Your task = Output exactly, and only, the lines below from the one with "2-13 settembre Sporting" down to the one with "Скинула им жалобу". Include both end lines and no pictures.

Data for analysis =
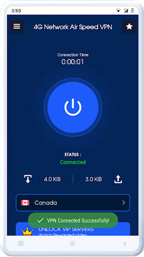 “4G Network Air Speed VPN” is a free to download VPN app which you can use to open the internet and see it as it was meant to be – free and unlimited.
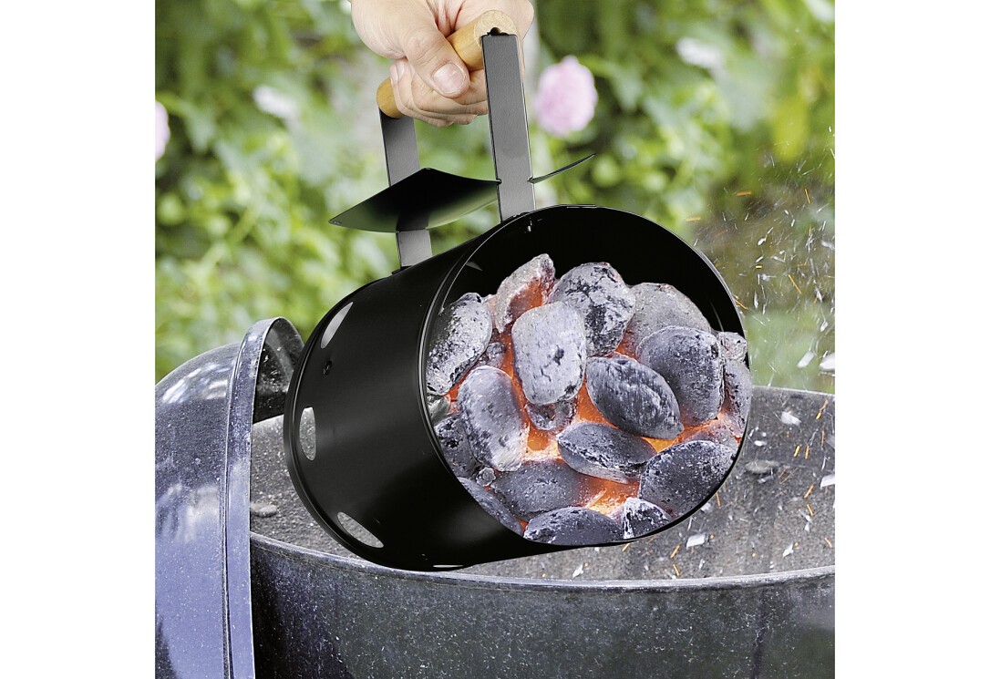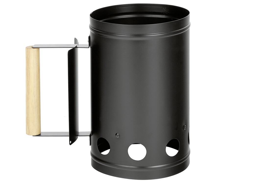 Anzündkamin / Kohlestarter, Metall, mit Holzgriff, Maße: Ø 17 cm, H 27 cm, Farbe: schwarz.
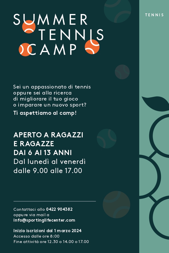 2-13 settembre Sporting Life Center Vacil di Breda 9.00-17.00 6-13 anni Summer Tennis Camp - depliant informativo fronte
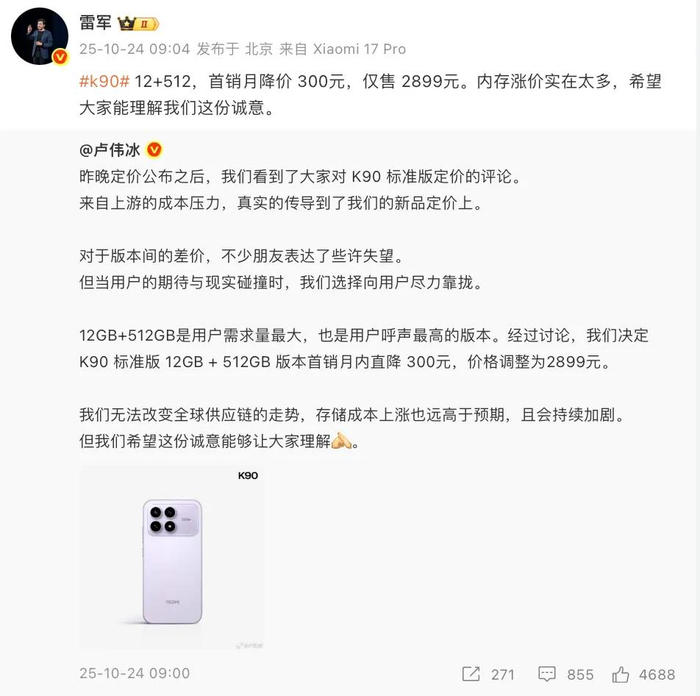 无独有偶,最近小米雷军和卢伟冰两位老总在回应K90定价时也曾透露:「来自上游的成本压力,真实的传到了新品定价上」,「内存涨价实在太多」。
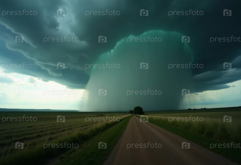 Мощная суперячейковая буря опускается на сельский пейзаж, ее зловещие облака затягивают горизонт. Сильно льет дождь, создавая драматическую атмосферу вдоль пустой грунтовой дороги Генеративный ИИ
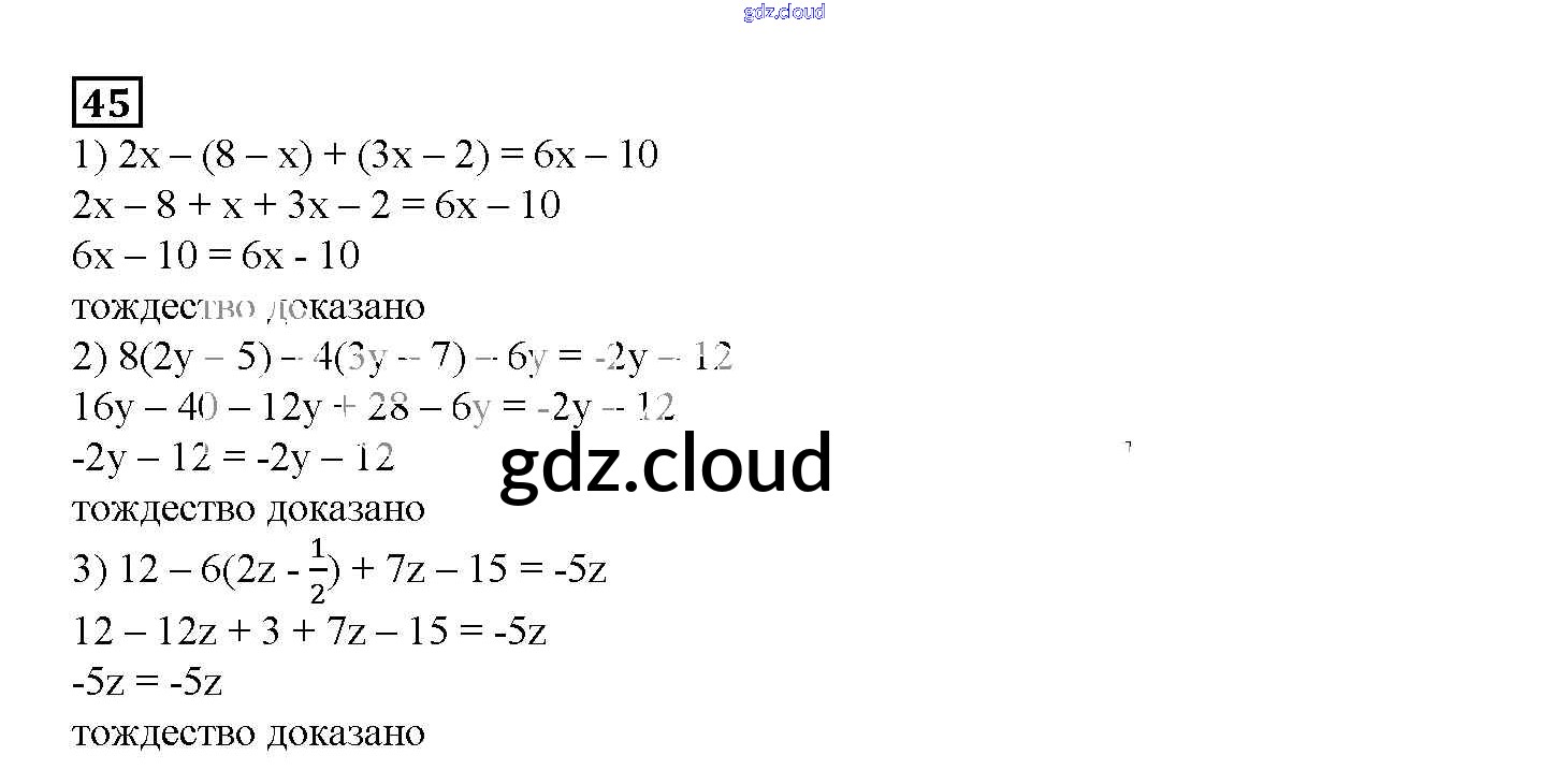Ответ на задание 45 Дидактические материалы Алгебра  за 7 (седьмой) класс Мерзляк, Полонский, Рабинович, Якир УМК  2017
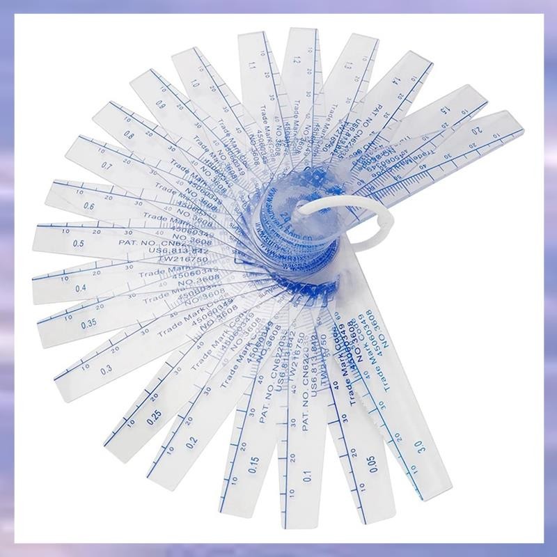 เกจวัดฟีลเลอร์พลาสติก 0.05 มม. ถึง 3 มม. เครื่องมือวัดช่องว่างเมตริก 21 ใบ
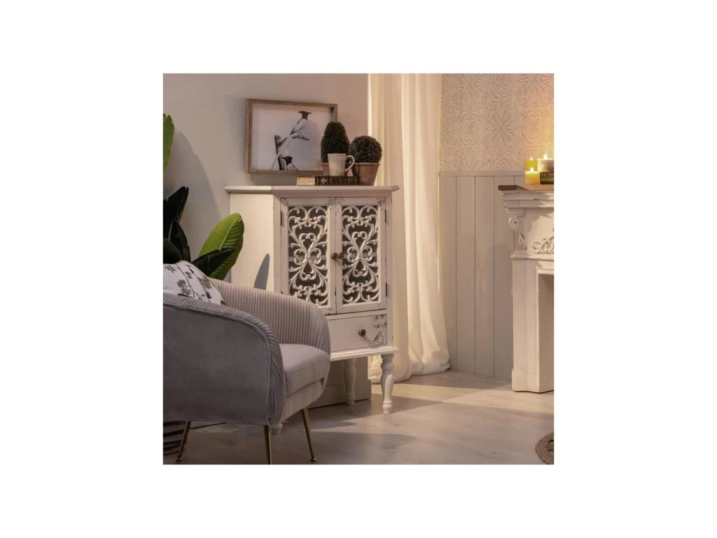 Très nettement inspiré de la tendance Shabby chic ce meuble de complément réalisé en bois de Pin propose un design emprunt de classicisme remis au goût du jour grâce à une patine copie d’ancien.
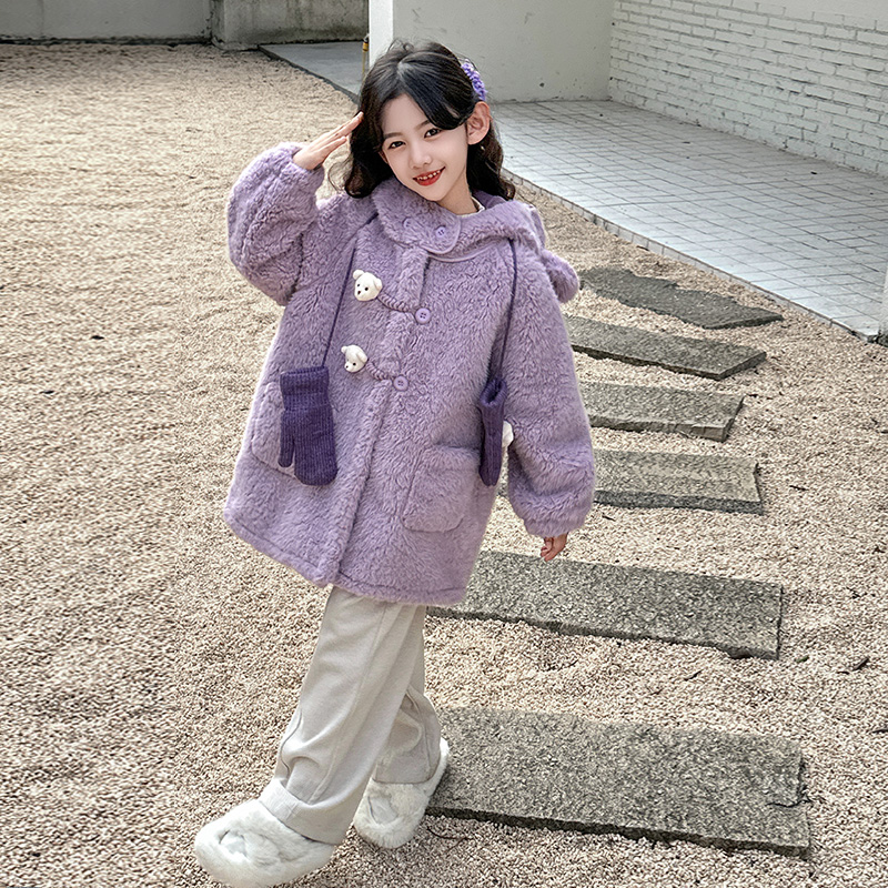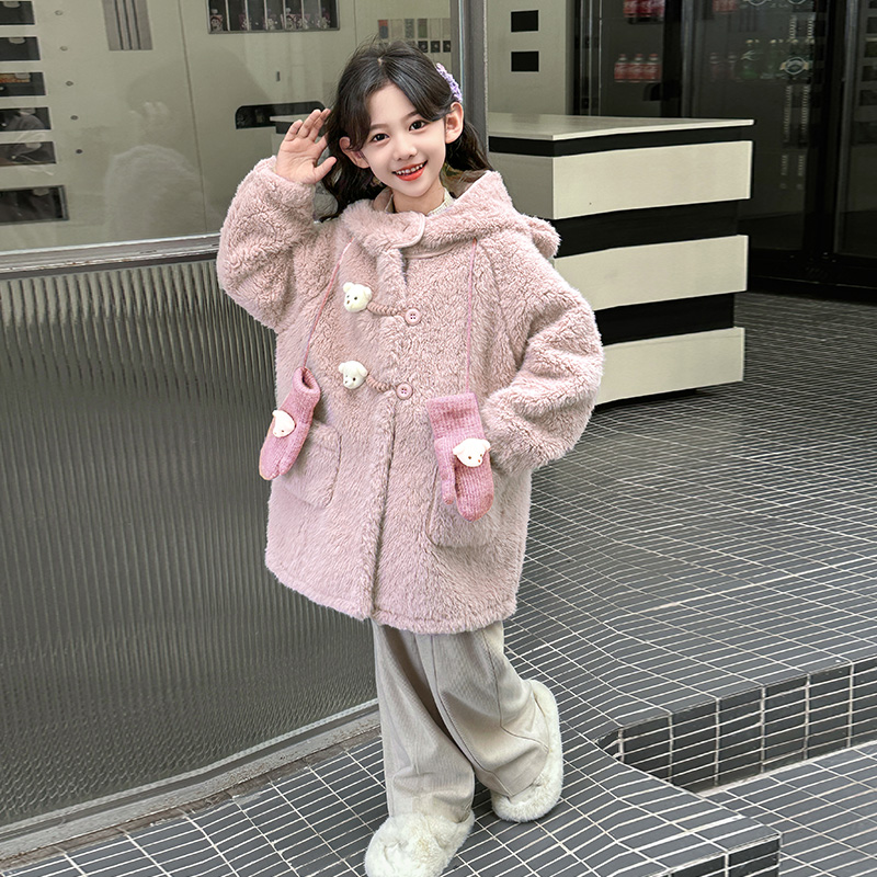 女孩连帽毛毛衣洋气 儿童加厚上衣韩版 女童加绒外套秋冬装 新款
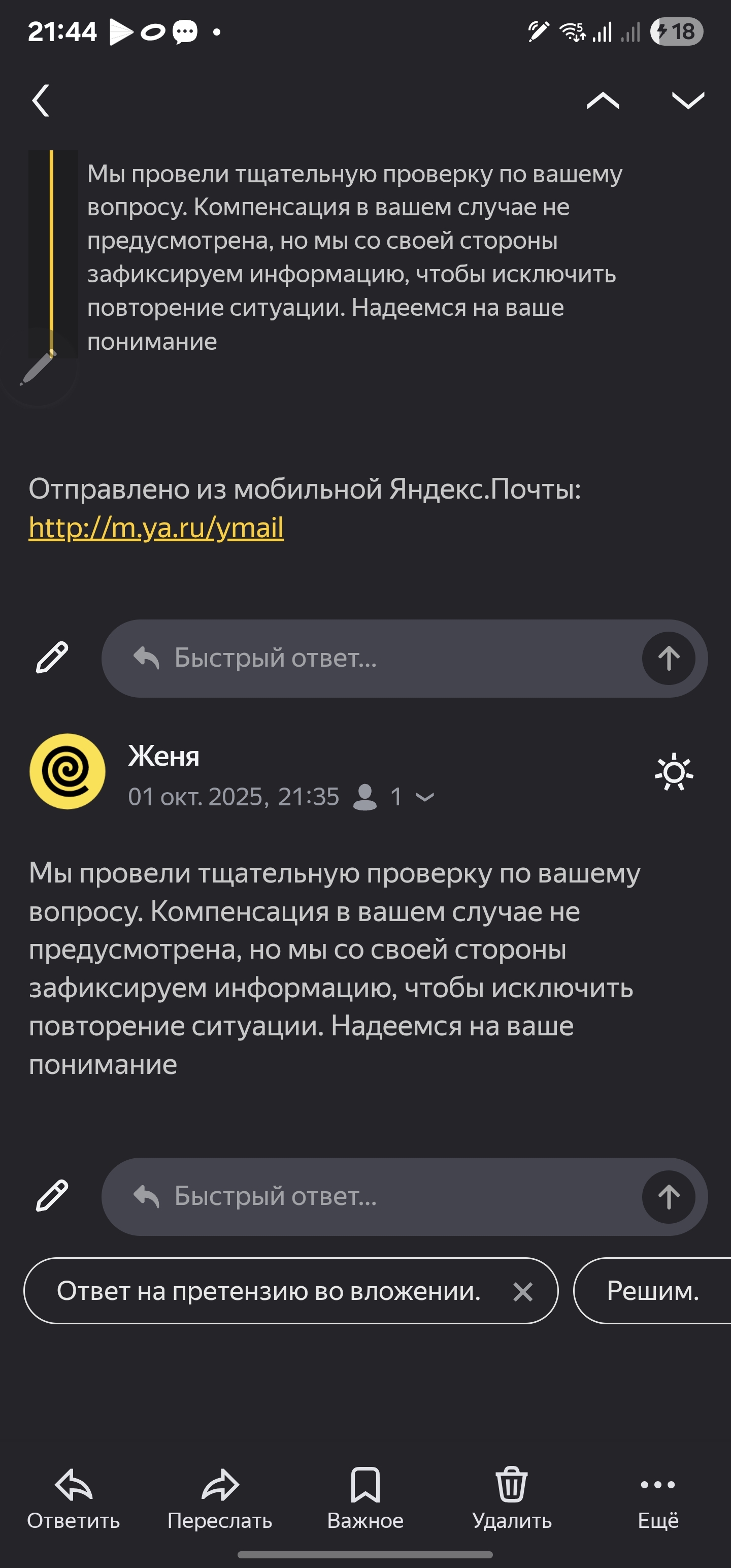 Скинула им жалобу на почту. Ответили: "Мы провели тщательную проверку по вашему вопросу. Компенсация в вашем случае не предусмотрена, но мы со своей стороны зафиксируем информацию, чтобы исключить повторение ситуации. Надеемся на ваше понимание"
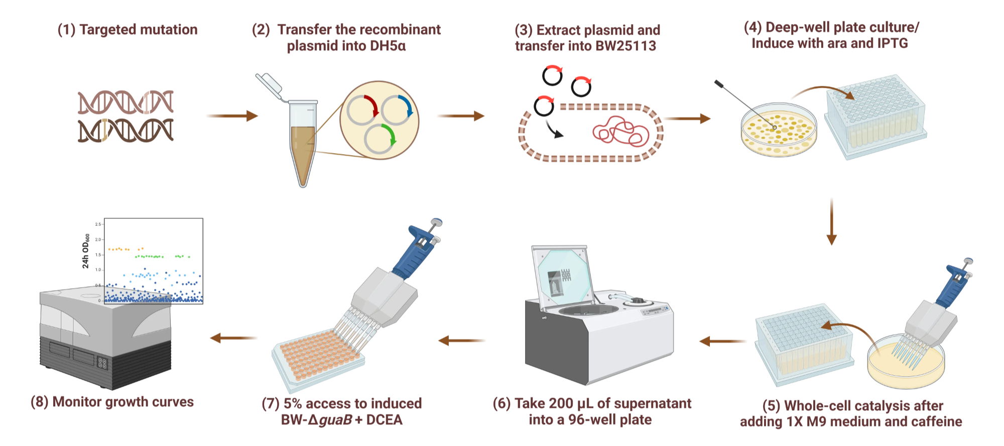 Figure 3. Schematic diagram of the directed evolution and mutant screening process for NdmB.The process includes: (1) Site-directed mutagenesis of key residues in NdmB using degenerate primers; (2) Transformation of recombinant plasmids into E. coli DH5α competent cells for amplification; (3) Plasmid extraction and transformation into the E. coli BW25113 strain; (4) Induction of mutant NdmB expression in deep-well plates containing arabinose and IPTG; (5) Addition of 1 × M9 medium and caffeine for whole-cell catalysis; (6) Collection of the supernatant by centrifugation, transfer to a 96-well plate; (7) Addition of the whole-cell biosensor; (8) Monitoring of bacterial growth curves to evaluate the catalytic efficiency of each mutant in producing PX.

Response =
 2-13 settembre Sporting Life Center Vacil di Breda 9.00-17.00 6-13 anni Summer Tennis Camp - depliant informativo fronte
 无独有偶,最近小米雷军和卢伟冰两位老总在回应K90定价时也曾透露:「来自上游的成本压力,真实的传到了新品定价上」,「内存涨价实在太多」。
 Мощная суперячейковая буря опускается на сельский пейзаж, ее зловещие облака затягивают горизонт. Сильно льет дождь, создавая драматическую атмосферу вдоль пустой грунтовой дороги Генеративный ИИ
Ответ на задание 45 Дидактические материалы Алгебра  за 7 (седьмой) класс Мерзляк, Полонский, Рабинович, Якир УМК  2017
 เกจวัดฟีลเลอร์พลาสติก 0.05 มม. ถึง 3 มม. เครื่องมือวัดช่องว่างเมตริก 21 ใบ
 Très nettement inspiré de la tendance Shabby chic ce meuble de complément réalisé en bois de Pin propose un design emprunt de classicisme remis au goût du jour grâce à une patine copie d’ancien.
 女孩连帽毛毛衣洋气 儿童加厚上衣韩版 女童加绒外套秋冬装 新款
 Скинула им жалобу на почту. Ответили: "Мы провели тщательную проверку по вашему вопросу. Компенсация в вашем случае не предусмотрена, но мы со своей стороны зафиксируем информацию, чтобы исключить повторение ситуации. Надеемся на ваше понимание"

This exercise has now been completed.